Crossing a recently thawed section of the San Pedro Parks Wilderness

CDT mile 633, miles hiked 26
No, no, no New Mexico you see it’s not you, it’s me.  I need to go, I know you have been wonderful to me with your desolate yet beautiful bootheel, where is saw ocochita in bloom and hummingbirds feeding on them. You welcomed me into the Gila and amazed me with giant trees, cold water, and cliff dwellings.  You didn’t stop there though you took me over Mt Taylor then by some of the most amazing crypto and sandstone canyons, and please let’s not forget El Malpais and Ventana Arch.

The trail angels and the ranchers we met were the best and the people of your state and are so friendly.

But you see here’s the thing, New Mexico as much as I love you and want to stay I can’t. I am a thru-hiker and it’s time for me to move on.  You see there is this other girl named Colorado who is rumored to be nothing short of wild abandon and full of danger and adventure.  As much as I want to stay with you my now familiar love I can’t, it’s time for me to go.

What I do understand is you not wanting me to leave, but really did you have to show me in such a harsh way.
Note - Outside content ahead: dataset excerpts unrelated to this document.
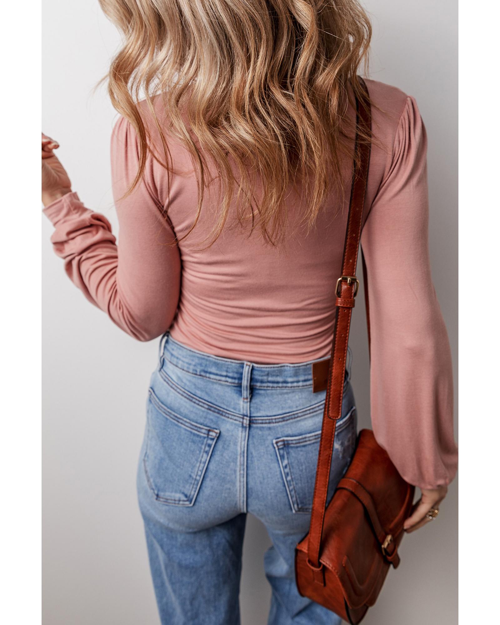 Fushia Plain V neck Long Sleeve Casual Bodysuit - M Original price was: $62.99.Current price is: $33.99.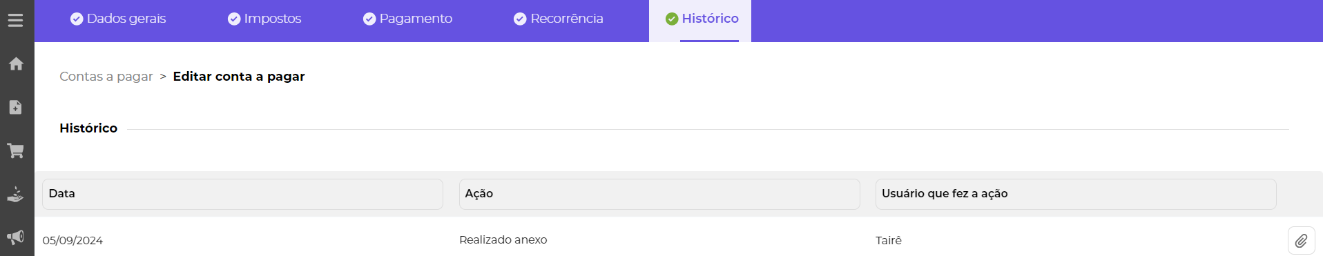 O botão anexar fica disponível somente para contas a pagar que já estão registradas no sistema.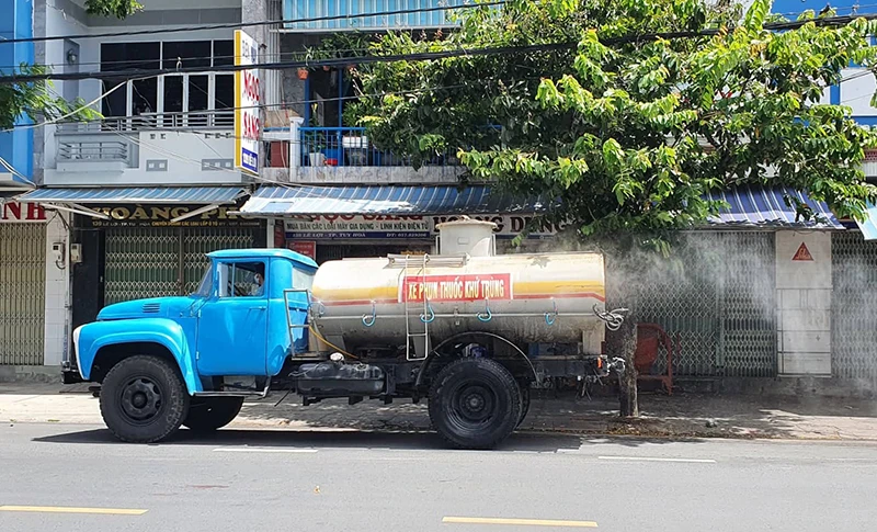 Phun hóa chất khử khuẩn trên đường phố Tuy Hòa ngày 18-7. Ảnh: TẤN LỘC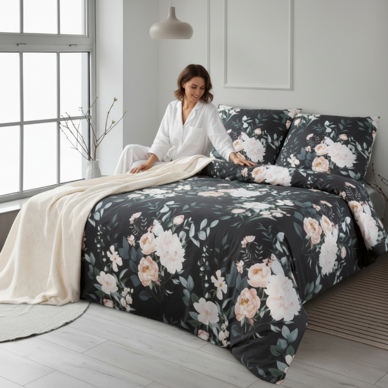 Szukasz pościeli, która połączy w sobie piękno natury i komfortowy sen? Komplet pościeli  z satyny bawełnianej z motywem botanicznym to idealny wybór dla Ciebie!
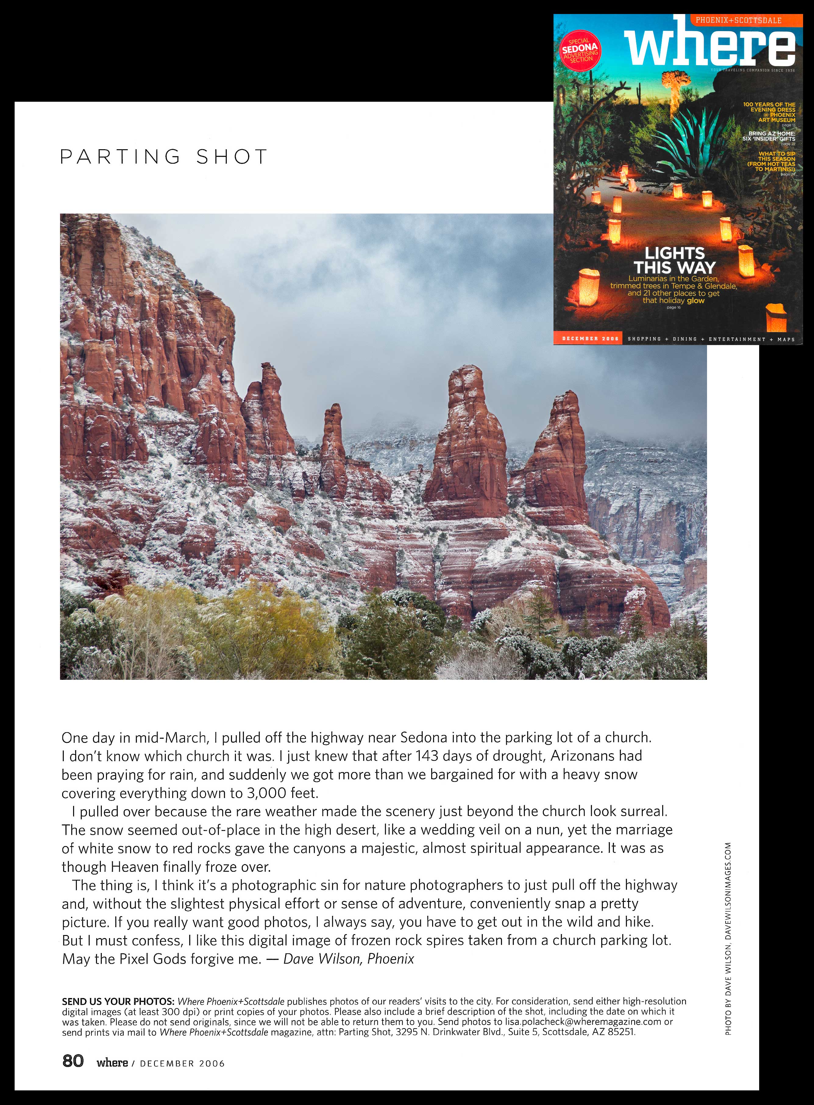 ![]() Photo of Lake Powell on the cover of YellowBook for the Page, Az. region ![]() WHERE Phoenix-Scottsdale magazine, Dec. 2006 ![]() WHERE Phoenix-Scottsdale magazine, August 2006 ![]() Photo Watson Lake in the Arizona Republic's "Explore Arizona" section ![]() Photo of the Grand Canyon in the East Valley Tribune ![]() Photo of the Grand Canyon (and info about me) in the May 2011 issue of Kudos, an arts publication in Sedona ![]() A whole book full of photos of archaeological sites in the wild. For details click HERE. |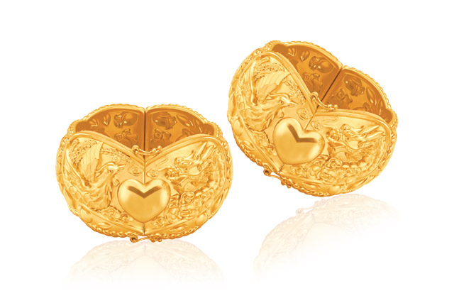 龍鳳手鈪是中式婚嫁中最受歡迎的金飾,盛載了長輩和親人對新人的祝福 ,寓意婚後福澤綿延、榮華富貴,而英皇珠寶的龍鳳手鈪揉合傳統與時尚,雕花立體細緻,龍鳳鈪上飾有龍鳳、祥雲、如意、雙喜、百福,更加入了時下新人喜愛的元素,例如同心就代表婚後同心同德,家興業旺,生活幸福美滿!
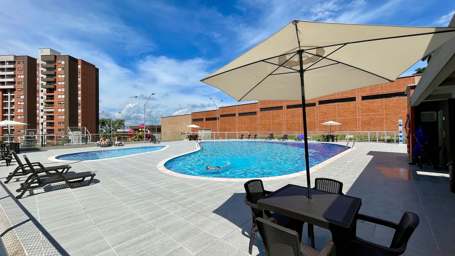 El conjunto residencial cuenta con piscina, sauna, turco, jacuzzi, salón social y senderos ecologicos. En este momento esta habilitado el parque y zonas verdes.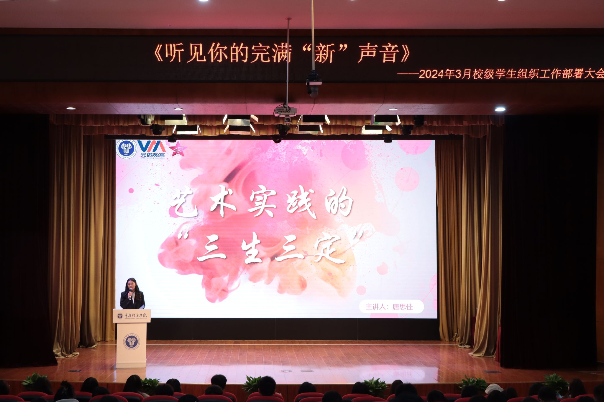 为有序推进完满教育发展,充分展现校级学生组织新学期精神风貌,梳理各校级学生组织3月重点工作,校团委于3月4日中午12:30在下里巴人剧场开展以《听见你的完满‘新’声音》为主题的3月校级学生组织工作部署大会,紧紧围绕完满教育月度关键词“声音”展开分享,发出属于八大校级学生组织的“新”声音!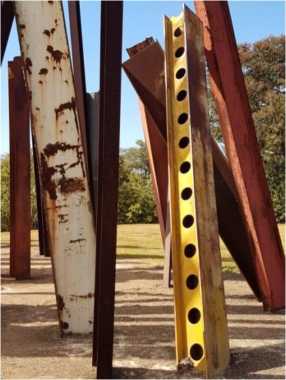 A obra Beam Drop Inhotim foi confeccionada com a ajuda de um guindaste. Chris Burden e uma equipe de empreiteiros içaram 71 vigas de aço antigas a uma altura de 45

A snowy forest service road was part of the game

It all started after we finished hiking through some wonderful meadows up some cliffs, and viewing elk.  After navigating some snow and then opting for the road we came to the last option on the J Ley maps, an open and probably snow free road that went low or the official route through the forest.  We left things to fate and flipped a coin, heads official, tails alternate.  Freefall produced a quarter from his pack and flipped it into the air, heads it was.

High snow makes route finding hard at times

We started on the route at first it was not too bad, we took a break at 3 and ate some snacks, we saw that we were only 6.5 miles from the border so at 3:30 we set off.  For the next 3 1/2 hours, we navigated snow, post-holing at times up to our crotch, getting scratched and having to constantly decide the best way either up, down or side hilling.  Finally, we arrived at Dixie Creek which was snow free on its far bank.

A tiny high five to celebrate the border crossing

After a brief ten minute break to fill water bottles and rest the mind for a few seconds we, we plotted our way cross country to the border only a 1/2 mile away.

We came up the hill and there in the forest was a leaning sign and a defunct barbed wire gate, how fitting.  We walked over the line and let out a cheer one state down and 4 to go.  We, of course, took our celebratory pictures and then headed up the hill to make camp.  The view is amazing and Colorado has greeted us with big mountains.

So you see New Mexico it was great and I will always love you and be back, but for now, the siren song of the Rocky Mountains is calling and I must go.